Here are some ways you can explore poetry with your children this month:
- Read lots of poetry, in different forms. Pick up a poetry book or a rhyming picture book to read at bed time. Poetry anthologies are good resources because they often have a variety of poetic forms to choose from. Nonsense rhymes and limericks can be fun to start with, but don't be afraid to wade out a little deeper and read some haiku or free verse.
- Encourage your independent readers to read novels in verse, such as LOVE THAT DOG by Sharon Creech or MAY B. by Caroline Starr Rose. For teenagers, I recommend SHARK GIRL by Kelly Bingham and OUT OF THE DUST by Karen Hesse.

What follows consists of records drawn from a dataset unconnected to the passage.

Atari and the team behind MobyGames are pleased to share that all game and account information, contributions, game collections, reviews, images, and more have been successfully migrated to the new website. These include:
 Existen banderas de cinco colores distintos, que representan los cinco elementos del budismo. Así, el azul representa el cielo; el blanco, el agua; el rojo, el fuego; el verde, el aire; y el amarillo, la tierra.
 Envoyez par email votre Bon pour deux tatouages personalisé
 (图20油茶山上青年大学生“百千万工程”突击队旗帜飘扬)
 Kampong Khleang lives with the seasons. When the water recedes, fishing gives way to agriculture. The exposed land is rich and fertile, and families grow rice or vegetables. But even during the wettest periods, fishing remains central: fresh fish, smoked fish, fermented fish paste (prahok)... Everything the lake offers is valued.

- Write poetry together. One thing I did with my children when they were younger was to change the words of children's songs, such as Twinkle Twinkle, Little Star or Jingle Bells. They might also enjoy writing list poems, like Shel Silverstein's Sick or Jack Prelutsky's It's Raining Pigs and Noodles.

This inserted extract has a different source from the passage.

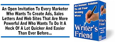 As you can see, Writer's Friend isn't a complicated piece of software you need a degree in computer engineering to use. In fact, it's about as easy-to-use as they come. And I bet that just by looking at the screen shot you already know how to use it. Now please let me explain a couple of things about the screen shot you may have been wondering about. You may have notice that some of the Headlines went past the edge. Not to worry. When you click on them they automatically appear in the smaller box at the bottom - the box which only contains the words... "Lost For Words? Push The Buttons And Voila!" Which is exactly what Writer's Friend enables you to do. If you want to add that text to your sales letter, ad, web page, book or whatever, you simply highlight the text in the bottom box, copy it and then paste it wherever you want it to be. And you do it all, with A Click Of The Mouse!!! NO TYPING. EASY! EVERYTHING you need to QUICKLY and EASILY make your copy MORE POWERFUL, so it gets you the results you WANT, is right AT YOUR FINGER TIPS - a mouse click away. The ONLY time you need to go to the Menu system is if you want to check out the "About" box. All the help you need is a single click away. And if you'd rather go over the help file on paper, you can print it out using the button at the bottom of the help file window (EASY)! There's also ample on-screen help so you can't go wrong. Merely hover your mouse over a button or box or tab and help pops up automatically for you. As you can see, Writer's Friend is EASY-TO-USE and takes all the hard work OUT of all your writing tasks. And because everything you need is just a mouse click away, NOTHING could be EASIER! This is one software tool NO PERSON WHO WRITES SHOULD BE WITHOUT!!! It makes writing such a breeze. Okay. By now you must be wondering what the investment required is to get hold of this must-have marketer's tool. Well, before I reveal the price I want you to think about something... Think about HOW MUCH it's WORTH to you. Think about HOW MUCH it's WORTH to be able to CUT BACK on your writing time. Think about HOW MUCH it's WORTH to be FREE OF THE HEADACHES of brain-fog, writer's block and words that won't come no matter how hard you try. Think about HOW MUCH it's WORTH to be able to WRITE WITH MORE POWER and have your copy literally JUMP OFF THE PAGE. Think about HOW MUCH it's WORTH to have copy that gets BETTER RESULTS. Think about it. It's WORTH A LOT to you, isn't it? And certainly WORTH FAR MORE than the measly $97 being asked. In fact, when you think about HOW MUCH it's WORTH to you in terms of the amount of time and effort saved and the increased sales you get because your ads, letters and web pages are more effective, and when you think about HOW MUCH all of that's WORTH to you EACH and EVERY DAY for as long as you have ads, letters and web pages, $97 is chicken feed. Look. If you're sincere about wanting to be able to WRITE QUICKER, EASIER AND WITH MORE POWER than ever before, and if you're sincere about wanting your copy to be COPY THAT GETS READ AND ACTED ON, then investing $97 for Writer's Friend is the best darn investment you could ever make. Really! Of course, your INVESTMENT is TOTALLY PROTECTED thanks to the 365 Day 100% Money-Back Guarantee! Put Writer's Friend to work for you for a full twelve months. If after that time you haven't found it quicker and easier to create copy that packs more of a punch, then simply ask for your money back. You'll get a no-hassle refund on the spot - no questions asked. That's a promise! Am I insane to offer such a guarantee? Maybe. The truth is... once you have Writer's Friend you'll see how much quicker and easier it is to write and you'll see how much more powerful your copy has become, and you won't want your money back. And with the guarantee you have NO RISK WHATSOEVER!!! In fact, you can ONLY COME OUT IN FRONT. And as if getting this POWERFUL ALLY and a 365 Day 100% Money-Back Guarantee wasn't enough, you also get... Twelve Months Support, For FREE! While other software vendors want to charge you for support all the time, you get it from me for FREE when you respond to this offer within 48 hours! ORDER RIGHT NOW by clicking here. Listen. If you're serious about wanting an easier and quicker way to create copy that's more powerful, gets read and acted upon, then you owe it to yourself to get this software and DO IT NOW!!! Don't put it off for one second. Don't dilly-dally about it. Don't um and ah. You know you want to be able to write quicker and easier. You know you want to write with more power. You know you want your copy to produce better results. You know Writer's Friend gives you everything you want, saves you loads of time and effort and is WORTH a tremendous amount to you. Start enjoying the ease and speed at which you pump out powerful copy. Order right now while it's fresh in your mind. Click here. The more you think about it, the more you want to get Writer's Friend because you can see how much it's WORTH to you, how much better off your copy will be and because it comes with a 365 day 100% money-back guarantee which means you have ZERO RISK! So go grab you credit card and order right now this very second. You'll be glad you did. Thanks for reading and look forward to your order. Yours for Quicker, Easier And More Powerful Writing, Collin Almeida Success Strategies Inc P.S. Writer's Friend, which helps you write quicker, easier and with more power than ever before, will run on any IBM compatible computer running Win95 or greater and comes with a 365 day 100% money-back guarantee. And is a 2.3 megabyte download. P.P.S. Whether

- Make up tongue twisters. Doing this can not only be fun and hilarious, but also gets your kids practicing alliteration (puffy pandas paddle in puddles).
- Have a poetry night at your house. Encourage your kids (and you and your spouse) to choose a poem (or poems) to read aloud or memorize a poem to recite. Make it a real celebration complete with party snacks. This could be a way to end poetry month with flair!